Мы входим в ворота. Двор, на котором мы, бывало, в десять утра ели наши бутерброды, классные комнаты с досками и партами – все это точно такое же, как и прежде, но для нас словно из какого-то другого мира. Мы узнаем лишь запах этих полутемных помещений: такой же, как в казарме, только чуть слабее.

Сотнями труб поблескивает в актовом зале громада органа. Справа от органа разместилась группа учителей. На директорской кафедре стоят два комнатных цветка с листьями точно из кожи, а впереди ее украшает лавровый венок с лентами. На директоре сюртук. Итак, значит, предполагается торжественная встреча.

Мы сбились в кучку. Никому неохота очутиться в первом ряду. Только Вилли непринужденно выходит вперед. Его рыжая голова в полумраке зала точно красный фонарь ночного кабака.

Я оглядываю группу учителей. Когда-то они значили для нас больше, чем другие люди; не только потому, что были нашими начальниками, нет, мы в глубине души все-таки верили им, хотя и подшучивали над ними. Теперь же это лишь горсточка пожилых людей, на которых мы смотрим со снисходительным презрением.

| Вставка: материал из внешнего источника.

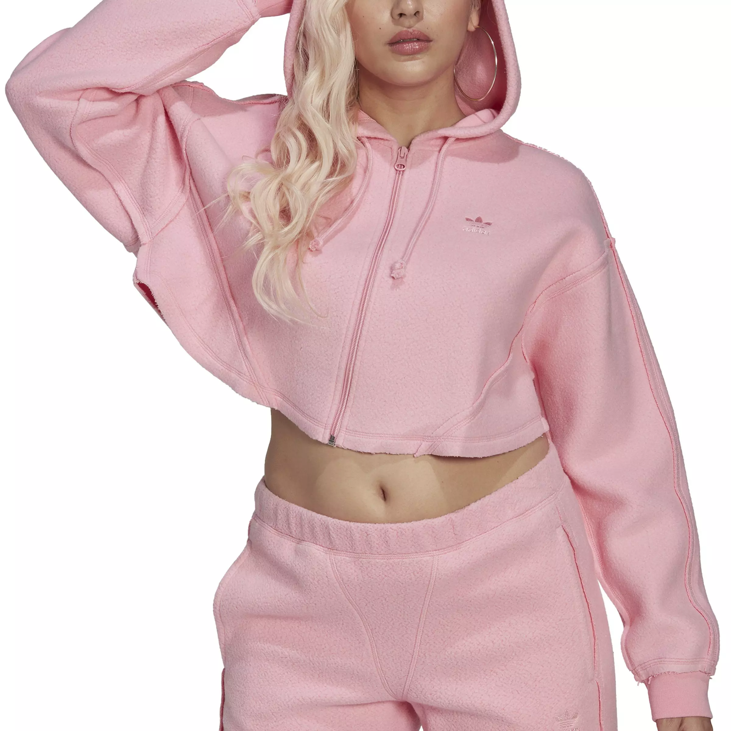 adidas Women s LOUNGEWEAR Crop Full Zip Hoodie Pink Hibbett Very well made.

Вот они стоят и снова собираются нас поучать. На лицах их так прямо и написано, что они готовы принести нам в жертву частицу своей важности. Но чему же они могут научить нас? Мы теперь знаем жизнь лучше, чем они, мы приобрели иные знания – жестокие, кровавые, страшные и неумолимые. Теперь мы их могли бы кой-чему поучить, но кому это нужно!

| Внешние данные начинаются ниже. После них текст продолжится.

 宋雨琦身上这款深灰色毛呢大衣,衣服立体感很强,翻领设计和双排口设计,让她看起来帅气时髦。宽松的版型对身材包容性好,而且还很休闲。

Обрушься, например, сейчас на этот зал штурмовая атака, они бы, как кролики, зашныряли из стороны в сторону, растерянно и беспомощно; из нас же никто не потерял бы присутствия духа. Спокойно и решительно мы начали бы с наиболее целесообразного: заперли бы их, чтобы не путались под ногами, а сами приступили бы к обороне.

Директор откашливается и начинает речь. Слова вылетают из его уст округлые, гладкие, – он великолепный оратор, этого у него нельзя отнять. Он говорит о героических битвах наших войск, о борьбе, о победах и отваге. Однако, несмотря на высокопарные фразы (а может, благодаря им), я чувствую словно укол шипа. Так гладко и округло все это не происходило. Переглядываюсь с Людвигом, Альбертом, Вальдорфом, Вестерхольтом, Райнерсманом; всем эта речь не по нутру.

Вдохновляясь все больше и больше, директор входит в раж. Он славит героизм не только на поле брани, но и героизм незаметный – в тылу.

– И мы здесь, на родине, мы тоже исполняли свой долг, мы урезывали себя во всем, мы голодали ради наших солдат, жили в страхе за них, дрожали за них. Тяжкая это была жизнь, и нередко нам приходилось, быть может, труднее, чем нашим храбрым воинам на поле брани.

– Вот так так! – вырывается у Вестерхольта.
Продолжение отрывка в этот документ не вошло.